Within days, King Maha Vajiralongkorn cut his term to one year, and Thaksin returned to his Bangkok home in February 2024, having seemingly not seen the inside of a jail cell.
But the Supreme Court ruled in September that he had not properly served his sentence, and ordered him behind bars for a year.
Telecoms fortune
Thaksin was born in 1949 into one of the most prominent ethnic Chinese families in northern Chiang Mai province.
He worked as a police officer before amassing a vast fortune founding a series of data networking and mobile telephone firms that would become telecoms giant Shin Corp.

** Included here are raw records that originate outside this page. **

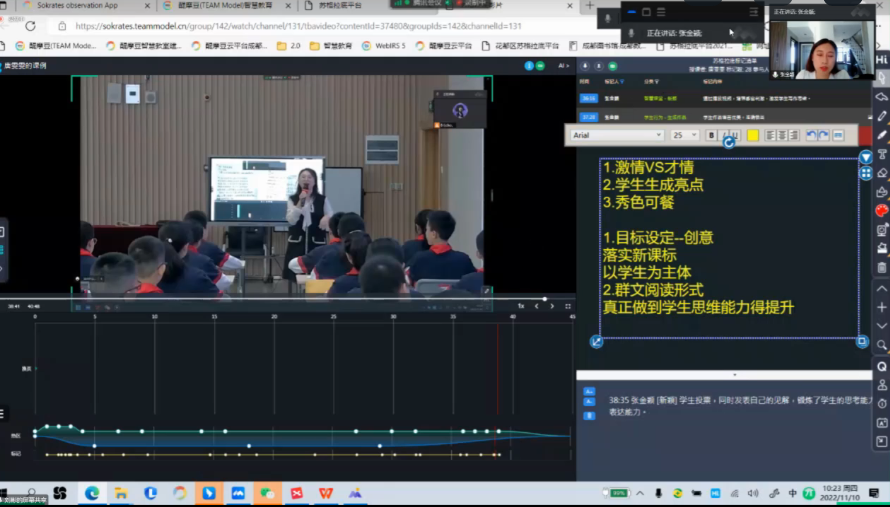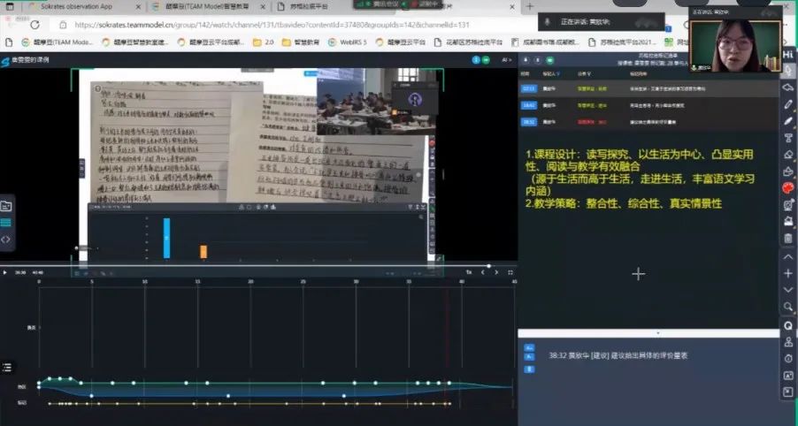 課例觀摩結(jié)束后,專家所標(biāo)記的打點清單立馬產(chǎn)出,蘇格拉底平臺也自動匯流所有議課數(shù)據(jù),主持人劉彬教授帶領(lǐng)大家進入線上教研環(huán)節(jié),平臺呈現(xiàn)了本節(jié)課例所產(chǎn)生的議課數(shù)據(jù),劉彬教授從波峰處提取熱點標(biāo)記,讓打點的專家進行一一闡述。
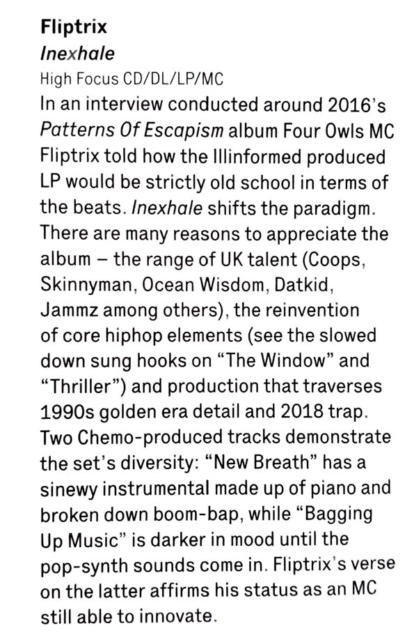 Fliptrix – ‘Inexhale’ – The Wire Magazine Album Review High Focus2018-09-14T13:02:52+00:00September 11th, 2018|Fliptrix, Press| https://www.thewire.co.uk/issues/416
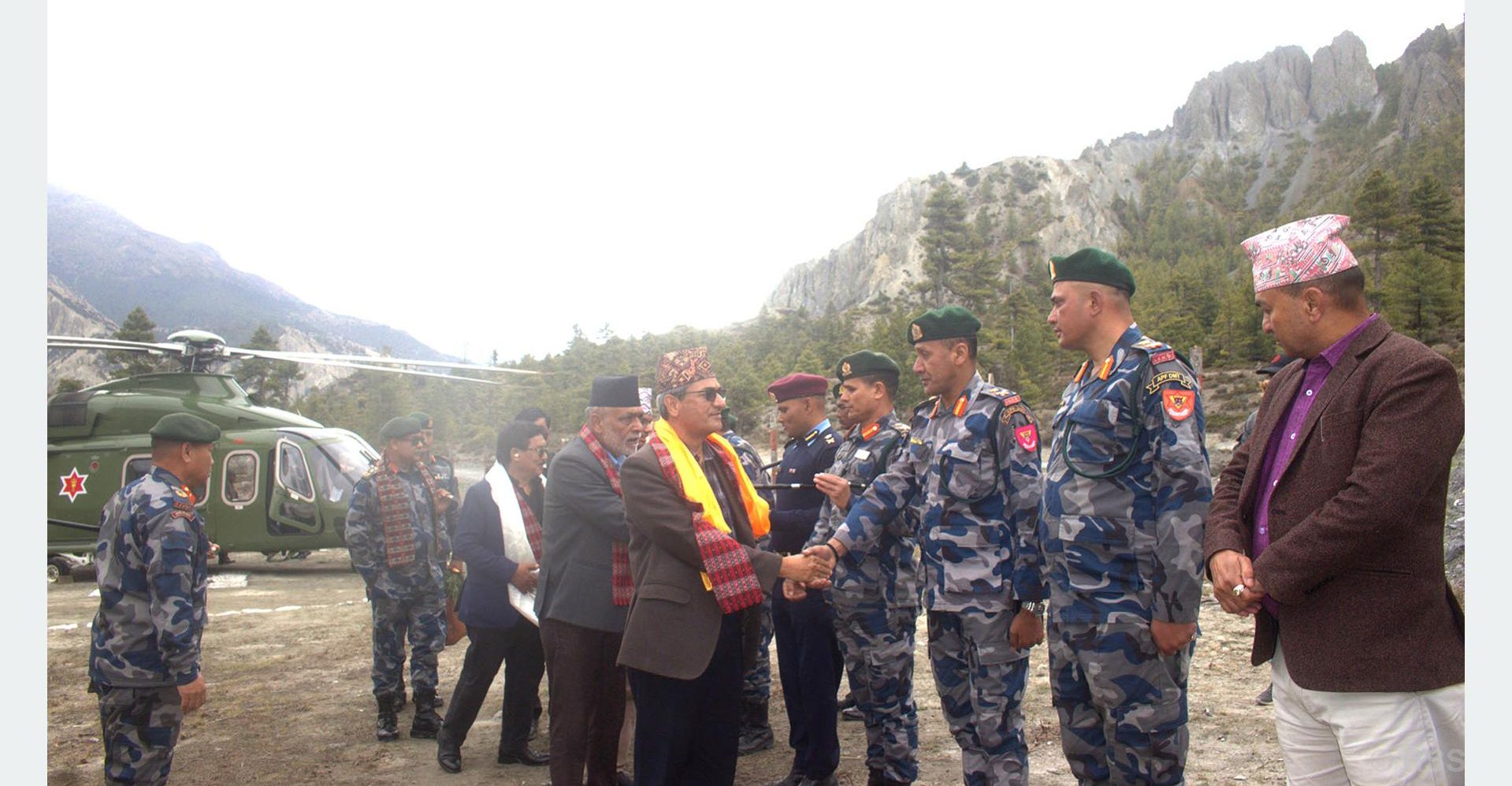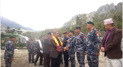 मनाङ । गृहमन्त्री रमेश लेखकले हरेक स्थानमा हुने विपद्मा उद्धार र सीमा सुरक्षामा सशस्त्र प्रहरी बल अब्बल बन्दै गएको बताएका छन् । आज यहाँ आयोजित सशस्त्र प्रहरी बल नेपाल पर्वतीय उद्धार तालिम शिक्षालयबाट प्रशिक्षित प्रशिक्षार्थीको दीक्षान्त समारोहमा उनले विपद्मा उद्धार गर्ने कार्यले देश तथा विदेशका मानिसको विश्वास र भरोसा बढाउँदै गएको बताएका हुन् ।
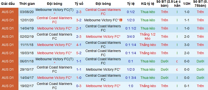 Thế nhưng ngay ở mùa giải trước Central Coast Mariners cũng là đội giành chiến thắng trong cả 2 lần đối đầu. Bởi vậy với phong độ vẫn đang rất tệ của Melbourne Victory thì chọn cửa trên là sự lựa chọn hoàn toàn hợp lý.
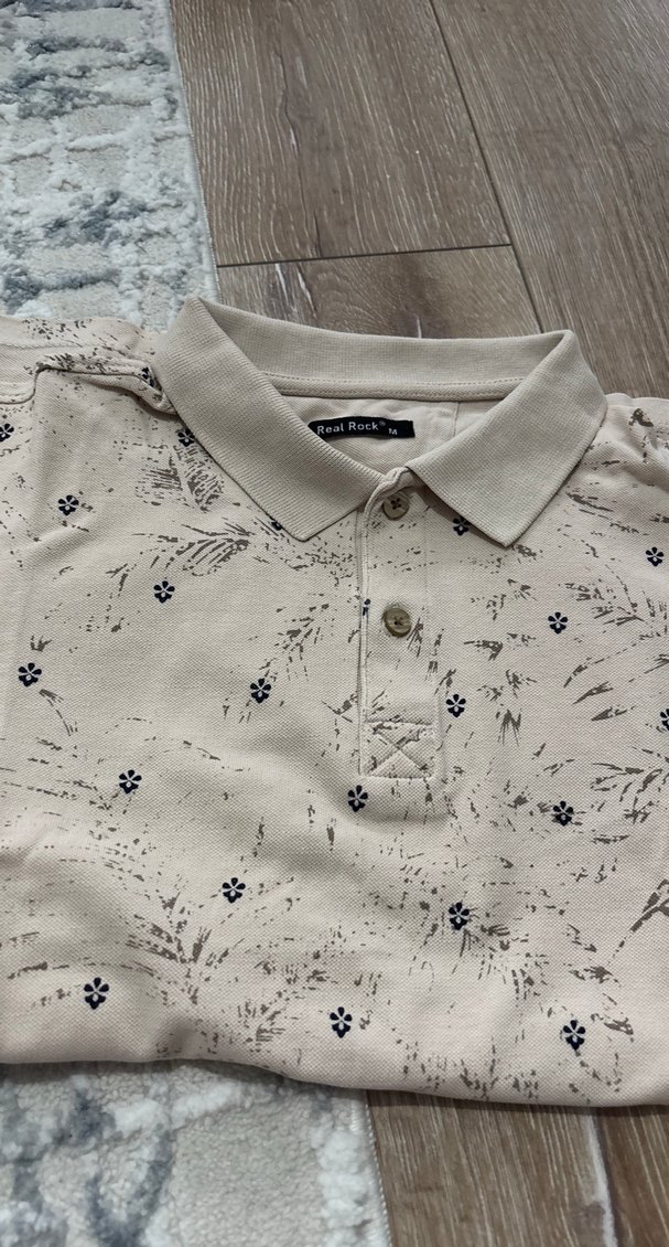 Bej renkli, kısa kollu, baskılı desenli, düğmeli yakalı, sentetik kumaştan üretilmiş, bol kesim ve günlük sokak stiline uygun erkek polo tişörtü.
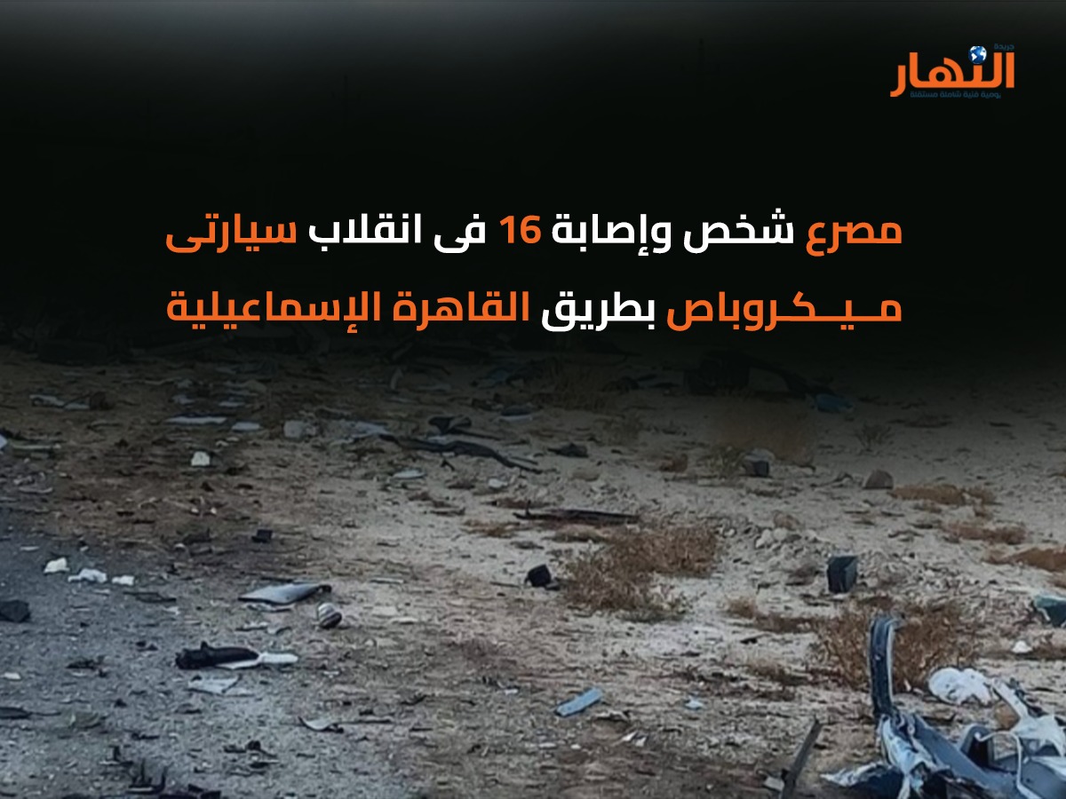 لقى شخص مصرعه، فيما أصيب 16 آخرين بإصابات متفرقة، صباح اليوم، اثر وقوع حادث تصادم وانقلاب ميكروباصين، بطريق القاهرة – الإسماعيلية، وتحديدًا أمام مستشفى “الطبي العالمي” اتجاه القاهرة.
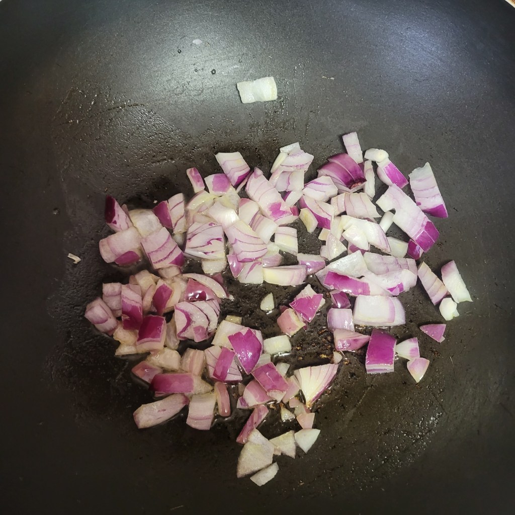 Step three: In a large heavy bottom nonstick pan, on medium low heat, add the olive oil. Once it’s hot add the onion and sauté for 5 minutes while stirring often.
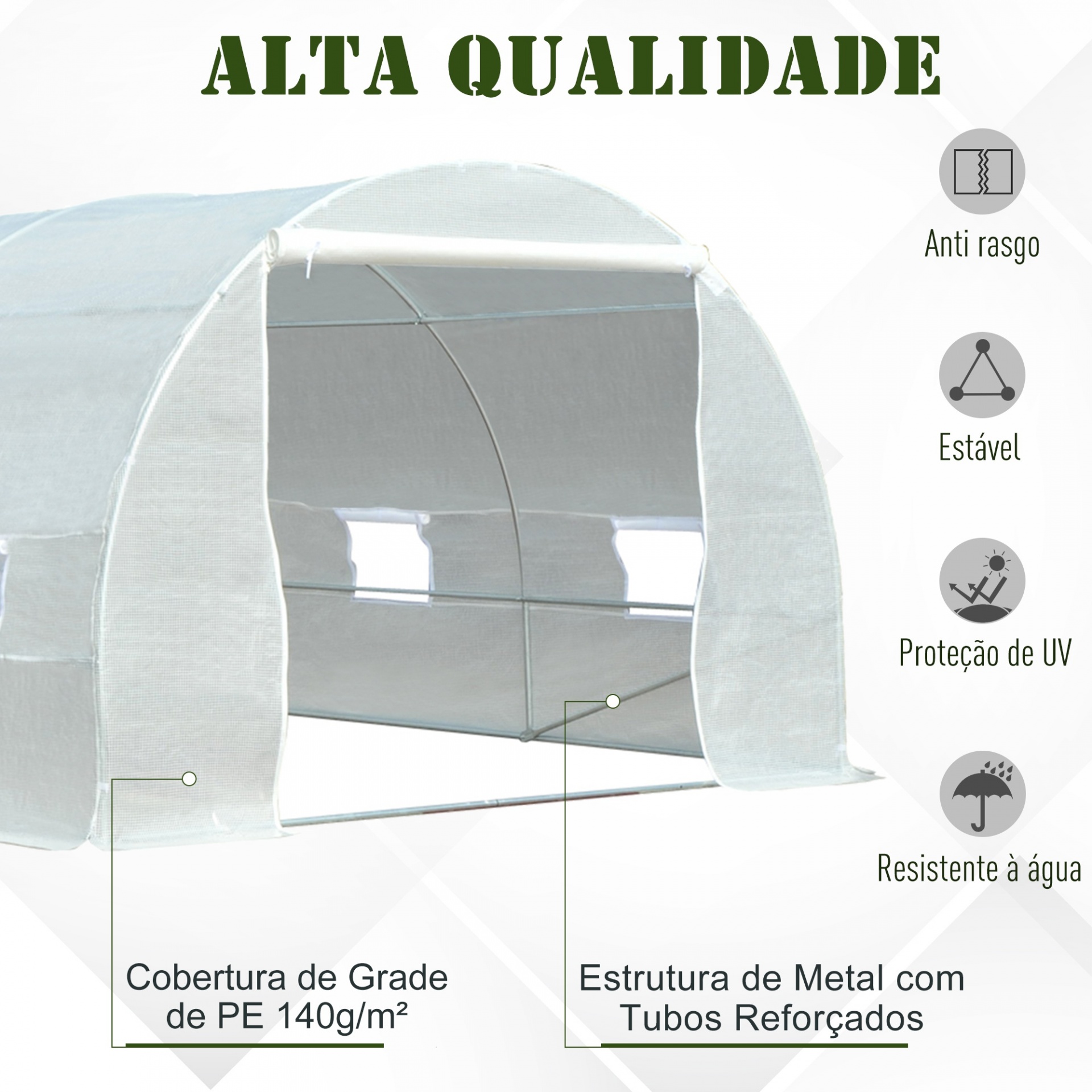 - Filme resistente, durável e anticongelante que protege as plantas das intempéries
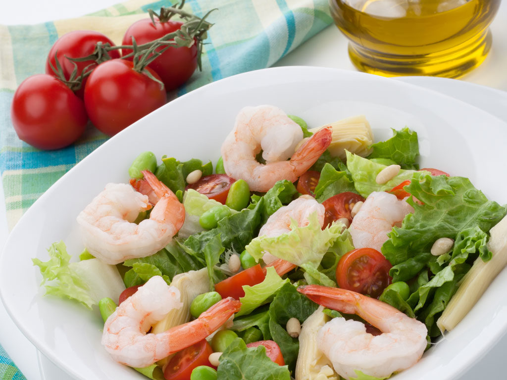 3) Mientras, en una sartén con un poco de aceite saltea, un ajo y las gambas, agrega una pizca de sal y pimienta y esperamos a que se hagan. A continuación, las repartimos por la ensalada.
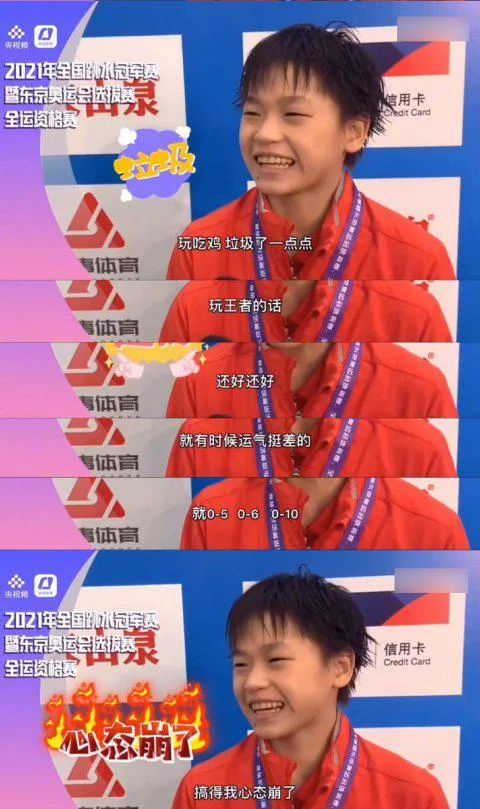 这次拿到奥运会金牌后,全红婵接受采访,画风依旧充满天真。
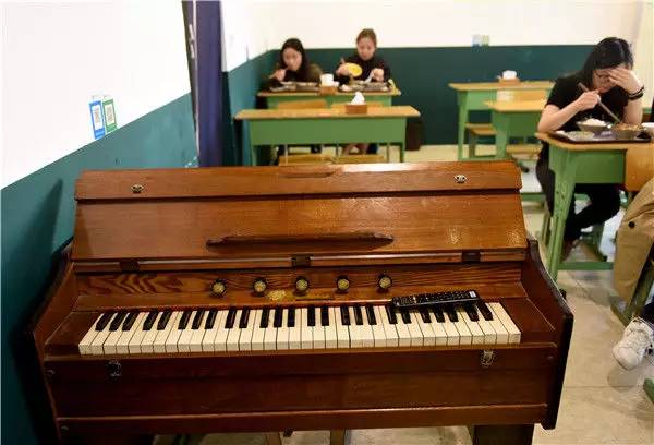 整个餐馆二十多平米,不是肯德基、也不是农家乐风格,一个水泥砌成的讲台,二十张老式的课桌,分成四排摆放在屋里。
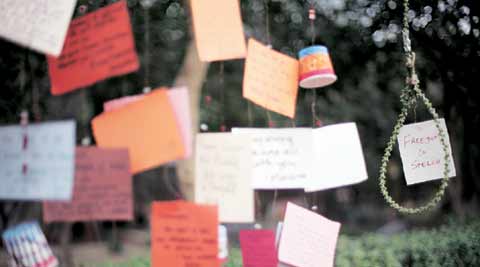 Postcards hung near the JNU Administration block Sunday. (Express Photo: Oinam Anand)
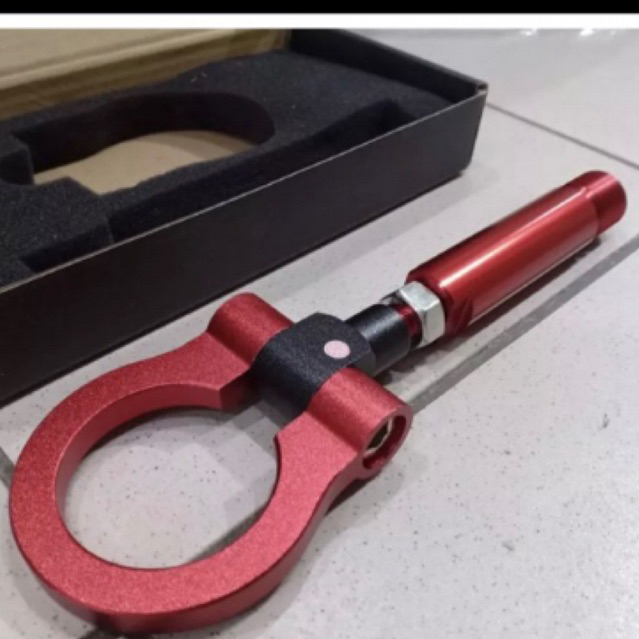 towing hook besi derek mobil jazz brio merah + towing kain strap warna merah hitam
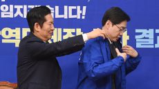 김경수 위원장에게 선거복 입혀주는 정청래 대표

He launched his political party, Thai Rak Thai, in 1998, and became the first premier to serve a full term after being elected in 2001.
With the economy in a deep recession during the Asian financial crisis, Thaksin – one of Thailand’s richest people – promised to use his business savvy to lift rural villagers out of poverty.
His “war on drugs”, which Human Rights Watch says resulted in around 2,800 extrajudicial killings, brought international condemnation.
He was re-elected in a landslide victory in 2005, thanks to huge support from rural voters grateful for cash injections and debt relief.
The following year he was dogged by corruption allegations and mired in controversy over the tax-free sale of Shin Corp shares.
Months of mass protests culminated in the nullification of elections, and in September 2006, army tanks rolled into Bangkok and toppled Thaksin’s government while he was at the United Nations in New York.
Despite his Thai assets being frozen in 2007, he purchased the Manchester City football club and later sold it for a sizeable profit to an Abu Dhabi-backed group.
Family business
Thai Rak Thai was dissolved by court order after the 2006 coup, but eventually evolved into Pheu Thai, which brought Thaksin’s sister Yingluck to the premiership in 2011.
Thaksin is seen by many as the true master of Pheu Thai, which came second in the 2023 general election but third in the last vote in February.
His decision to return to Thailand came after Pheu Thai made what many saw as a Faustian bargain to go into coalition with military-backed parties – including the ex-army chief who ousted Yingluck in 2014.
Thaksin’s daughter Paetongtarn, who took up the Pheu Thai mantle, became prime minister in 2024, but was dismissed by the Constitutional Court after about a year in office over her handling of a border row with Cambodia.
Anutin Charnvirakul of the conservative Bhumjaithai party succeeded her as prime minister and was re-elected in February, with some speculating that a political deal was made between Anutin’s party and Thaksin’s that saw them unite, with Thaksin’s release assured.
According to Chambers, Thaksin ceded his role as the “main enemy of Thailand’s vested elites” to the progressive People’s Party and its earlier variants, which have called for reforms to the monarchy and the military – especially after Pheu Thai showed its willingness to accommodate arch-royalists in its 2023-2025 coalition government.
“The aging Thaksin”, Chambers said, is now “a weakened force who represents a possible obstacle to the elites, but not the major challenge to them that he once was”.